As correctly noted by the appellate court, petitioner failed to raise the issue of an intrinsic ambiguity,
mistake or imperfection in the terms of the Policy, or of the failure of said contract to express the true
intent and agreement of the parties thereto in its Complaint. There was therefore no error on the part
of the appellate court when it affirmed the RTCs Order disallowing the recall of Tubianosa to the
witness stand, for such disallowance is in accord with the rule that when the terms of an agreement
have been reduced to writing, it is considered as containing all the terms agreed upon and there can
be, between the parties and their successors-in-interest, no evidence of such other terms other than
the contents of the written agreement.8

The rationale behind the foregoing rule was explained in Ortanez vs. Court of Appeals, 9 where we
stated:

The parol evidence herein introduced is inadmissible.
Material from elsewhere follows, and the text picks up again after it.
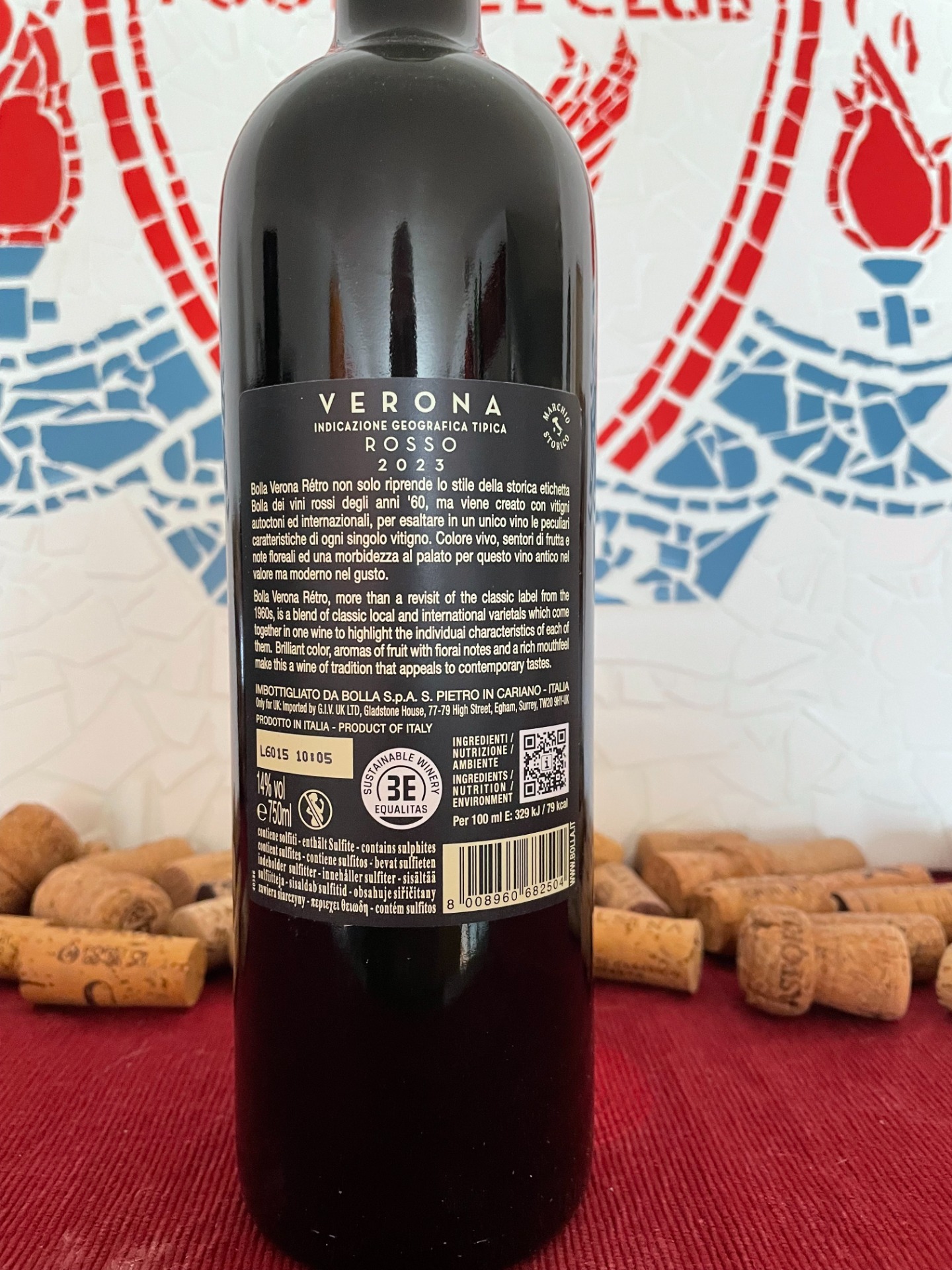 Bolla Rosso del Veronese 2023 är ett rött vin från hjärtat av Venetien, en region i nordöstra Italien känd för sina eleganta och matvänliga viner. Det här vinet är märkt som "Cuvée Retro Verona", vilket antyder att det är en cuvée, skapad av flera traditionella druvsorter från området – så som Corvina, Rondinella, Cabernet Sauvignon och även lite Merlot. Exakta procent blandningen kan variera och är inte specificerad, men stilen är klassiskt venetiansk: djup, bärig och ofta med inslag av körsbär, svarta vinbär och subtil örtighet, kompletterat av en behaglig syra och mjuka tanniner. Årgången 2023 ger vinet en frisk och ungdomlig känsla, där frukten står i centrum, men även fatkarraktär finns då det lagrats en kortare tid i ekfat.

First, private respondents oral testimony on
the alleged conditions, coming from a party who has an interest in the outcome of the case,
depending exclusively on human memory, is not as reliable as written or documentary evidence.
Spoken words could be notoriously undesirable unlike a written contract which speaks of a uniform
language. Thus, under the general rule in Section 9 of Rule 130 of the Rules of Court, when the
terms of an agreement were reduced to writing, as in this case, it is deemed to contain all the terms
agreed upon and no evidence of such terms can be admitted other than the contents thereof. xxx. 10

WHEREFORE, the instant petition is hereby DENIED. The Decision of the Court of Appeals is
hereby AFFIRMED.

SO ORDERED.

Davide, Jr., C.J., (Chairman), Puno, Pardo, and Ynares-Santiago, JJ., concur.